Processor	<Details	Time	Notes
Intel Q6600 Quad Core	o'clocked to 2.8 GHz 2X2MB L2 cache	13 s.	Intel icc compiler; "-fast"; single proc.
Opteron Dual Core 265	1.8 GHz, 64 bit 1 MB L2 cache	30 s.	"-O3 -msse3 -march=opteron"
Opteron Dual Core 265	1.8 GHz, 64 bit 1 MB L2 cache	Two procs 31 s.	"-O3 -msse3 -march=opteron"
Opteron Dual Dual-Core 265	1.8 GHz, 64 bit 1 MB L2 cache	Four procs 36 s.	"-O3 -msse3 -march=opteron"
Athlon 3200+ 64	2.0 GHz, 64 bit 1 MB L2 cache, laptop	33 s.	"-O3 -mfpmath=sse -msse2 -march=k8"
Athlon 3200 XP	2.2 GHz, 32 bit 512 KB L2 cache	47 s.	"-O3 -mfpmath=sse -msse -march=athlon-xp"
Athlon 2500 XP	2.0 GHz (OC'd), 32 bit 512 KB L2 cache	60 s.	"-O3 -mfpmath=sse -msse -march=athlon-xp"
Xeon	2.2 GHz, 32 bit 512 KB L2 cache	61 s.	pgcc: "-fastsse"
Athlon 2000 XP	1.6 GHz, 32 bit 256 KB L2 cache	81 s.	"-O3" (old gcc; minimal options)

Solvetri.c is compiled to the mex file with the options as indicated. The mex file for the matrc routine improves computation time by a factor of 2 (more for longer range computations) or so.

Benchmarks in practice... Calculating PE predictions for an acoustic path in the Philippine Sea for 36 ECCO2 ocean model realizations. Time listed is for a single frequency. All values "under load", that is, all cpu's running. Using the 80 cpus of aogreef, the 36 snapshots at 628 km range took about 10 hours total (72sX13 frequencies for each cpuX36 realizations=9.4 hrs.) All calculations used the mex files compiled with the GNU gcc. It appears that the Intel icc compiler might gain an additional 7% or so. compiler with "-fast" option.

Processor	Details	Time	Notes
Phenom 9600	2.3 GHz, 64 bit 4X512 KB L2 cache	Four procs 50 s.	bluefin
Intel Q6600 Quad Core	o'clocked to 2.8 GHz 2X2MB L2 cache	Four procs 57 s.	skipjack
2×Opteron Dual Core 265	1.8 GHz, 64 bit 2X1 MB L2 cache	Four procs 72 s.	sardines
Opteron Dual Core 170	2.0 GHz, 64 bit 2X1 MB L2 cache	Two procs 73 s.	anchovies
2×Opteron Dual Core 2210	1.8 GHz, 64 bit 2X1 MB L2 cache	Four procs 75 s.	aogreef

References

M. D. Collins, A split-step Padé solution for the parabolic equation method, J. Acoust.

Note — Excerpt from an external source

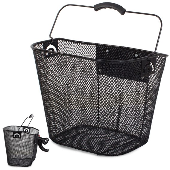 Koszyk jest dość pojemny, zmieści torbę i plecak, a także małe zakupy. Dodatkowo posiada wygodną rączkę do przenoszenia. Pasuje do większości rowerów ze średnicą kierownicy do 2,5cm.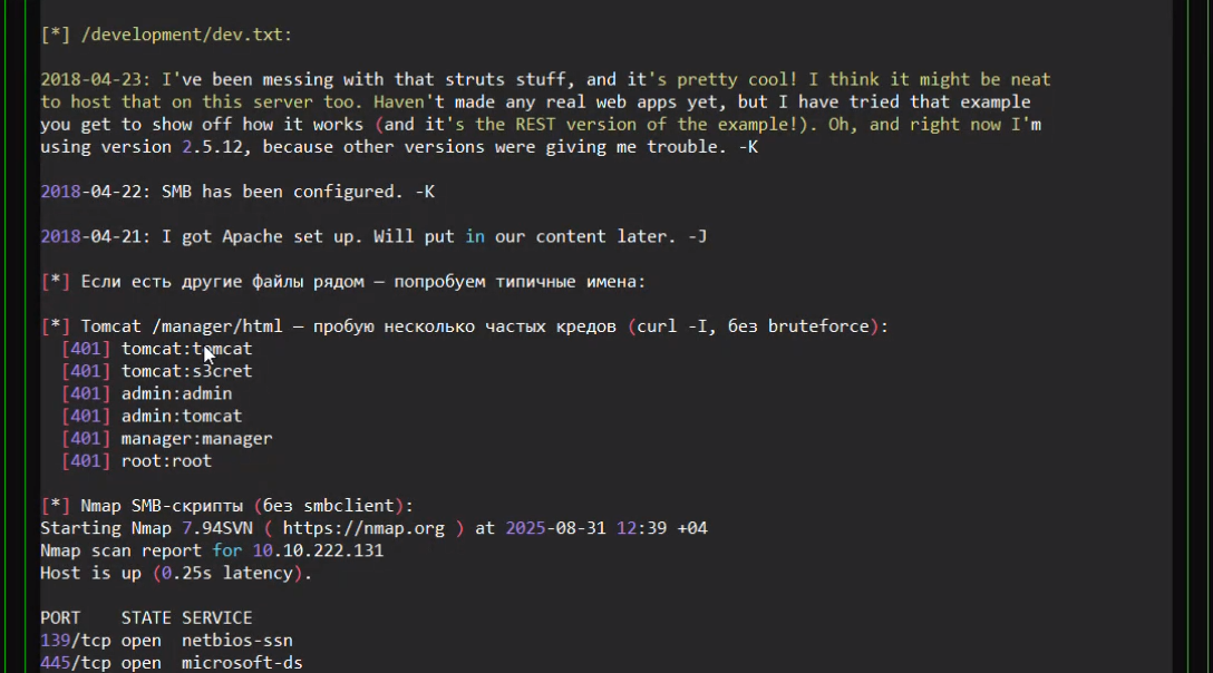 Checked Tomcat /manager/html (responded 401), and also gathered information on SMB without smbclient. At this stage, it highlighted two important hints: first, SMB is indeed configured and provides an opportunity for attack, and second, Struts 2.5.12 is mentioned, with Tomcat running on port 8080.

Soc. Am., Vol. 93, pp. 1736-1742, 1993.
M. D. Collins, An energy-conserving parabolic equation for elastic media, J. Acoust. Soc. Am., Vol. 94, pp. 975-982, 1993.

Figures

Comparison between Eigenray prediction and RAM prediction for 100 km range (NOT the test case!)

Comparison between Eigenray prediction and RAM prediction for 1401.745 km range. This comparison shows the effects of bathymetry in the form of a sharp ridge midway along the acoustic path. The comparison illustrates two problems that can be fixed by adjustment of the calculation parameters. (1) Note that the ray and PE predictions shown here have slightly different dispersal, which is particularly evident in the early part of the timefront. This is the result of using too large a value for "deltaz". When deltaz=0.5, rather than 2.0 (as was used here), this discrepancy is resolved. (2) The odd arrival in the lower right hand corner of the PE prediction is a result of using too small a value for T - the window is not wide enough so the earliest arrival appears to overlap the finalé. A larger value for T will give a window wide enough to encompass the complete arrival pattern with no wrapping around.